If you are looking for simple shelter and not worried about any return on investment anyone of these methods would probably work. However these are generally used by those with the means to lose that initial investment who simply want an environmentally friendly home. Aside from the savings in the construction costs, the cost to finish these structures with suitable heating, plumbing and electrical systems - no matter how basic, are generally more than in conventional construction. Finally such structures are hard to sell due to the very limited pool of potential buyers.

I would think that a more cost effective (if that is what you are after) means to achieve the same result (shelter for your parents) would involve the purchase of an existing dwelling in need of repairs. Often times these properties can be purchased for pennies on the dollar vs cost to construct new. They often times need repairs but the material, labor and time required would still probably be less than new construction using the methods you described. 

I have no idea where you live, but most areas have minimum requirements for health and safety, which would include sufficient plumbing (potable water and waste disposal) permanent heating systems, adequate electric systems. The cost of some of these systems alone may dwarf any initial saving you may enjoy from employing these methods vs a property with most of these systems already in place.

Another benefit of restoring existing is the larger potential pool of buyers meaning you or your parents would be more likely to actually recover some if not all of the costs involved, including the acquistion, repair and living costs.


----------



## As'laDain (Nov 27, 2011)

we looked at houses around here, and none of them are cheap enough to buy outright. its going to be hard for them to get a decent loan after filing for bankruptcy... there are plenty of tracts of land though. three to five acres for under 8 grand, all over the place. 

it will actually be a permanent home for them. the heating can be done with a wood burning stove. between our two families, we have a few really nice ones, including the one i grew up with. 

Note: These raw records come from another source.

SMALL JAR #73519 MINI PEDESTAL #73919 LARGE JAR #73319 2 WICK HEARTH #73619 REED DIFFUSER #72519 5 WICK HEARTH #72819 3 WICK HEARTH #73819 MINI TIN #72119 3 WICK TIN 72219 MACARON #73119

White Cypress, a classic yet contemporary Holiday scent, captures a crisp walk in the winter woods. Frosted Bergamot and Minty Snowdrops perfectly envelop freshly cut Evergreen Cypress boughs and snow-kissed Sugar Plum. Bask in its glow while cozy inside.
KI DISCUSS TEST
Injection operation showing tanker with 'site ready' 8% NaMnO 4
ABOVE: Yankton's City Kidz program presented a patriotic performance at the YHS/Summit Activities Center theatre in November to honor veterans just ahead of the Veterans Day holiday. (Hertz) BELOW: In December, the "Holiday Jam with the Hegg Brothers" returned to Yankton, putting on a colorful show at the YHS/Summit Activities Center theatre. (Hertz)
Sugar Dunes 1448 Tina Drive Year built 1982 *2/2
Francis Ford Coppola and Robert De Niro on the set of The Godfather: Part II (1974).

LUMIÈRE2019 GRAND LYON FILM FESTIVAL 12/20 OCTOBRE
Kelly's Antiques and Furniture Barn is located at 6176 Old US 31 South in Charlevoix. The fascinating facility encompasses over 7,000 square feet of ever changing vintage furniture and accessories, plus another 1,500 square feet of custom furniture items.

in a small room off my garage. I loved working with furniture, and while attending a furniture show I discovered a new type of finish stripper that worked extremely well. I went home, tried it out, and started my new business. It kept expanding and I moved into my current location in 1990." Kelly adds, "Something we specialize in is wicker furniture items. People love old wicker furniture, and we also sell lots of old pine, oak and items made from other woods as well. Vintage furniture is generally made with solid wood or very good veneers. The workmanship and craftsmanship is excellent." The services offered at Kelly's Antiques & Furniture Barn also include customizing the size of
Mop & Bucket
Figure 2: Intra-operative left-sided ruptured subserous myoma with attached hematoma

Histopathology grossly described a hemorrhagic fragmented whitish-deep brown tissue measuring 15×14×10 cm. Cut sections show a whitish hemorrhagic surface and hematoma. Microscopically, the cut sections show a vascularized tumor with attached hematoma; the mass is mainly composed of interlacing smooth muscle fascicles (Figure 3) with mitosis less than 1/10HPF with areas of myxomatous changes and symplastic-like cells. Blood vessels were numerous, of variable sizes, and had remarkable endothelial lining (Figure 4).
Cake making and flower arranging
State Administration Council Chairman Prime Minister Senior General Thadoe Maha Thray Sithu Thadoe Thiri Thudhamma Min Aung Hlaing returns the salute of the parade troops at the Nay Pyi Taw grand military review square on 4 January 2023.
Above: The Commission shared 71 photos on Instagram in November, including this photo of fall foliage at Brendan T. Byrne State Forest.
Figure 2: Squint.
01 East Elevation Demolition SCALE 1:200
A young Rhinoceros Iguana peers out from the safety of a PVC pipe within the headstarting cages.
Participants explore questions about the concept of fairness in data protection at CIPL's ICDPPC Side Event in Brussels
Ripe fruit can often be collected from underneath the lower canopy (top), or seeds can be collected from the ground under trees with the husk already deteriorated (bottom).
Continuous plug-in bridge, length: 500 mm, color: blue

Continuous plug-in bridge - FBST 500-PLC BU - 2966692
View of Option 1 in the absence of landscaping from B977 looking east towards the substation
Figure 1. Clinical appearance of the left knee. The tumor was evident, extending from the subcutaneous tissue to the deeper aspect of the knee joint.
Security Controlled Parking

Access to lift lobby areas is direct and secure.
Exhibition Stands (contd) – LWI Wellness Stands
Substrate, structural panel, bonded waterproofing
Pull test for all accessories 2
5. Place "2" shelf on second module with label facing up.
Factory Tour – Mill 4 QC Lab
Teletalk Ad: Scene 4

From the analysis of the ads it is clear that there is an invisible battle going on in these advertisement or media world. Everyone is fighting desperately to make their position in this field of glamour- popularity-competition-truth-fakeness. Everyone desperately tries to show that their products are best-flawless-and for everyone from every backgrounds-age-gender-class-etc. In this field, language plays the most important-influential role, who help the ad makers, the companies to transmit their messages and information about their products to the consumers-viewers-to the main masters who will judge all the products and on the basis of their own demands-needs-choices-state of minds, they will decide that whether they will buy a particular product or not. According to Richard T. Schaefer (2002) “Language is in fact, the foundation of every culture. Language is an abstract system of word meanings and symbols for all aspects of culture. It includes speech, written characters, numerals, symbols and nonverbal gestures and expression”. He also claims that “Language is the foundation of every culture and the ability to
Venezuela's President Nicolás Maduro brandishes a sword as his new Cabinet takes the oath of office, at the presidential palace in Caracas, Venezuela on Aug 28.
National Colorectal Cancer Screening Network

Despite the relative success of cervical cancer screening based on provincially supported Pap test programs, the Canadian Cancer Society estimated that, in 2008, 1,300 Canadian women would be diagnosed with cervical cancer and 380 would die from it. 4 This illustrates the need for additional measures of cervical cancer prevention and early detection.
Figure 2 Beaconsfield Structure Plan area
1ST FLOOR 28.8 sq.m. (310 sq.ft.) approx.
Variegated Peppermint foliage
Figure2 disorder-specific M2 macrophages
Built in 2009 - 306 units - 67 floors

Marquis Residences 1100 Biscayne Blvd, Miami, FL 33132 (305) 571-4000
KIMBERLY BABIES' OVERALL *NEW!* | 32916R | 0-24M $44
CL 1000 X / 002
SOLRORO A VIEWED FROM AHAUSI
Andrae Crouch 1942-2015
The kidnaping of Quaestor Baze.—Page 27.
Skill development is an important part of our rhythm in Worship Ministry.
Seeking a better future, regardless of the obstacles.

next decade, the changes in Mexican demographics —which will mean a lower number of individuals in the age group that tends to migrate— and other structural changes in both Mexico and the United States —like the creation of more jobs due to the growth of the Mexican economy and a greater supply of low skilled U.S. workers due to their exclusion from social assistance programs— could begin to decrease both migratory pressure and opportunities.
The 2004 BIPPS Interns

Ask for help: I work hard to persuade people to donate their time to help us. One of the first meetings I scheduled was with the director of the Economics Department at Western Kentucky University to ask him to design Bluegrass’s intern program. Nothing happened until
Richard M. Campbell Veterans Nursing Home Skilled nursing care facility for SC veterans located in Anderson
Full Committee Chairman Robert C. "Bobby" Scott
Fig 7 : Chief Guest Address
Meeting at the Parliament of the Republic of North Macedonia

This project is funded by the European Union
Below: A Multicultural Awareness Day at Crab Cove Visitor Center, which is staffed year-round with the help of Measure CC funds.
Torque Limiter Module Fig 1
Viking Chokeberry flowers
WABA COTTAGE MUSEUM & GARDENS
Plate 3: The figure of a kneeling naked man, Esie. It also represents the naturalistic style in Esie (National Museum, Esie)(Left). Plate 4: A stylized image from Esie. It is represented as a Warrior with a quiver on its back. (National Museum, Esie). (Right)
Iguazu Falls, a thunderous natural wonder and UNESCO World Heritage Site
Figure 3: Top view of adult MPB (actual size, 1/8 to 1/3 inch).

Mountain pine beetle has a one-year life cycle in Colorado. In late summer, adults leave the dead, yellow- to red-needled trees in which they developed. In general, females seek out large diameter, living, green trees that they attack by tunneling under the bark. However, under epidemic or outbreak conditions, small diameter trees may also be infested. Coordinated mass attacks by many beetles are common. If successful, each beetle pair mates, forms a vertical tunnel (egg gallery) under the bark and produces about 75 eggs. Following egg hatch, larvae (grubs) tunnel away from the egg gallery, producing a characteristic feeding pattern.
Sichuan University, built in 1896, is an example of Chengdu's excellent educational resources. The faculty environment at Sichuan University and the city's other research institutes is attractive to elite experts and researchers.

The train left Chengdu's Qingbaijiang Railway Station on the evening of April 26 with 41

i think we are in a bit of a unique position... we have all the support and most of the materials on hand. at any time, we have access to all the heavy equipment we could want, back hoes, cranes, tractors, etc. if we are willing to cut and mill the trees ourselves and wait for them to cure, we have access to practically unlimited amounts of lumber. we have access to insanely cheap crushed concrete to do all the prep work for a foundation. we also have people that can help out with coding issues. 

ultimately, i would like to put my parents in a house that they want, mortgage free. we are looking at building very cheap, very labor intensive, and probably very slow. if we can find a place cheap enough that already has existing infrastructure, we might go that route. so far, we havent seen anything...


----------



## honcho (Oct 5, 2013)

As'laDain said:


> we looked at houses around here, and none of them are cheap enough to buy outright. its going to be hard for them to get a decent loan after filing for bankruptcy... there are plenty of tracts of land though. three to five acres for under 8 grand, all over the place.
> 
> it will actually be a permanent home for them. the heating can be done with a wood burning stove. between our two families, we have a few really nice ones, including the one i grew up with.
> 
> ...


Have you researched using junk tires. I used to run a salvage yard years ago and once or twice a year I would end up the someone interested in obtaining tires to build a home or cheap cabin. If memory serves me it takes about a thousand tires for a 2000 ft house. 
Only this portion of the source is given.